Recalculate metrics and plot them, but done at many more stations for each datetime. Basically, a more robust version of [002](./002_calc_some_metrics.ipynb)

In [2]:
import multiprocessing as mp
import warnings
from pathlib import Path
from random import sample
from typing import Optional, TypedDict

import pandas as pd

from utils import (
    calc_metrics,
    load_data,
    plot_metrics,
    plot_metrics_one,
    read_metrics_file,
)
from utils.constants import (
    EWM_ALPHA,
    NAN_THRESHOLD,
    WINDOW_SIZE,
    Events,
    datetimes,
)

warnings.filterwarnings("ignore")

In [2]:
class StationsToChoose(TypedDict):
    """
    Structure for station selection data.

    Attributes:
        stations: list[str]. Available station names for random sampling.
        num_sample: int.

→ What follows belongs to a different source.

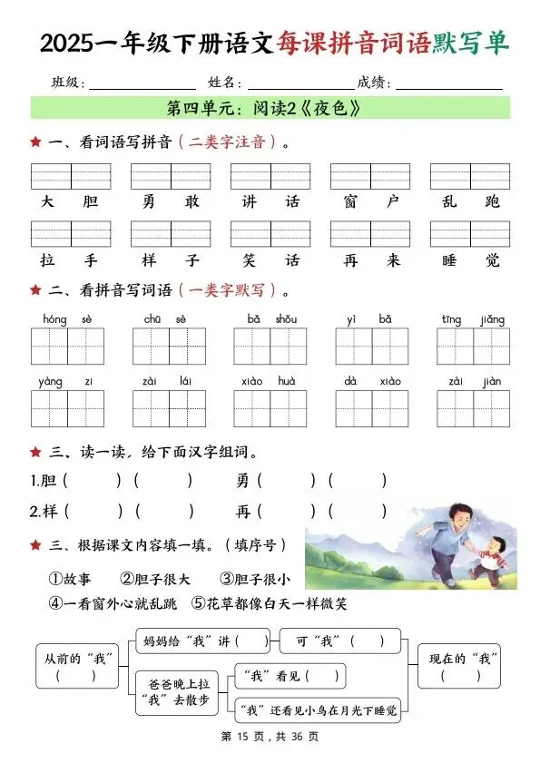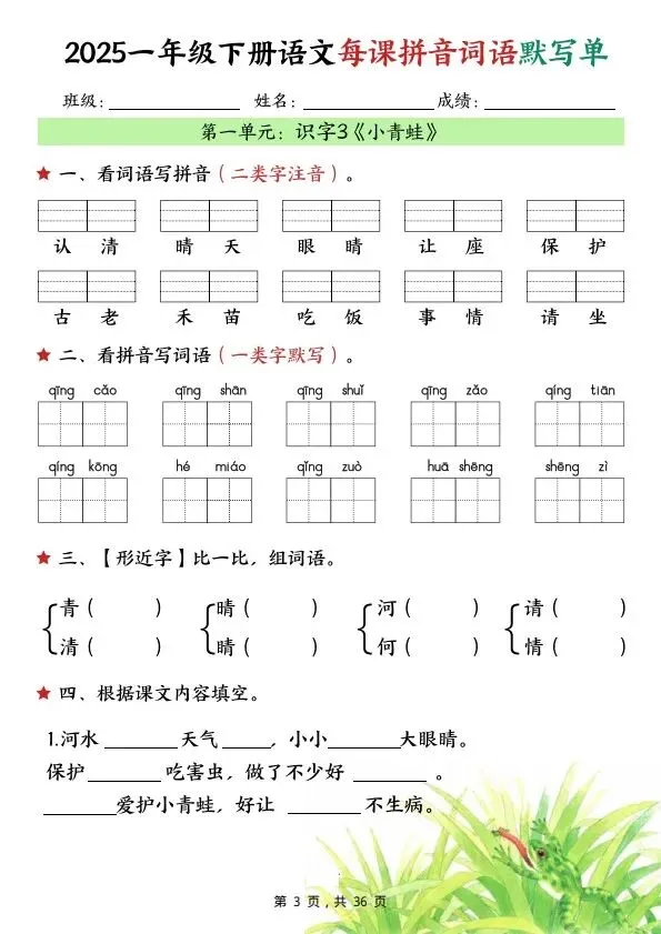 今日分享新一年级下册语文每课拼音词语默写单(完整电子版可打印)!高清电子版可直接打印,排版规整适配练习,不用费心整理,孩子每日一练夯实基础,家长辅导省心!

Number of stations to sample from the available list.
    """

    stations: list[str]
    num_sample: int

In [3]:
EVENT: Events = "Forbush Decrease"
MAX_SAMPLES: int = 10  # Samples per date
REPETITION: bool = False  # If True, it will repeat stations already calculated
EWM: bool = False  # If True, it will calculate EWM metrics

event_replace: str = EVENT.replace(" ", "")

## Calculate metrics

In [5]:
def get_valid_stations(
    df: pd.DataFrame, threshold: Optional[float] = None
) -> list[str]:
    """
    Drop stations (columns) that have a high ratio of NaN values.
    The DataFrame is the one with the data of the stations (all.txt).

    Args:
        df (pd.DataFrame): DataFrame with the stations data.
        threshold (Optional[float]): Ratio of NaN values to consider a station invalid.
            If None, it will use the global NAN_THRESHOLD.

    Returns:
        list[str]: List of valid station names (columns).
    """
    if threshold is None:
        threshold = NAN_THRESHOLD

    nans_count = dict(
        filter(
            lambda x: x[1] > 0,
            df.drop(columns="datetime").isna().sum().to_dict().items(),
        )
    )

    total = len(df)

    # Drop columns (stations) that exceed a nan ratio threshold
    stations = list(
        df.drop(
            columns=list(
                filter(
                    lambda station: nans_count[station] / total >= threshold,
                    nans_count,
                )
            )
        ).columns[1:]
    )

    return stations

In [6]:
stations: dict[str, list[str]] = {
    date: get_valid_stations(
        load_data(f"./data/{event_replace}/{date}/all.txt"),
        threshold=NAN_THRESHOLD,
    )
    for date in datetimes
}

chosen_stations: dict[str, list[str]] = {
    date: list(
        map(
            lambda filename: filename.name.strip().split("_", 1)[0].upper(),
            Path(f"./data/{event_replace}/{date}").glob("*.csv"),
        )
    )
    for date in datetimes
}

stations_to_choose: dict[str, StationsToChoose] = {
    date: {
        # Remove stations already calculated
        # and those that are fixed to be calculated
        "stations": list(
            set(stations[date])
            - set([date])
            - set(datetimes[date]["stations"].keys())
        ),
        # Final number of samples to choose
        "num_sample": num_samples
        if (
            num_samples := MAX_SAMPLES
            - len(set([date]) | set(datetimes[date]["stations"].keys()))
        )
        > 0
        else 0,
    }
    for date in datetimes
}

# Without repetition of stations already calculated
plot_stations = {
    date: sample(items["stations"], k=items["num_sample"])
    + list(datetimes[date]["stations"].keys())
    for date, items in stations_to_choose.items()
}

# Here is added repetition of stations already calculated (if needed)
if REPETITION:
    for date in plot_stations:
        plot_stations[date].extend(chosen_stations[date])

        # Drop duplicates
        plot_stations[date] = list(set(plot_stations[date]))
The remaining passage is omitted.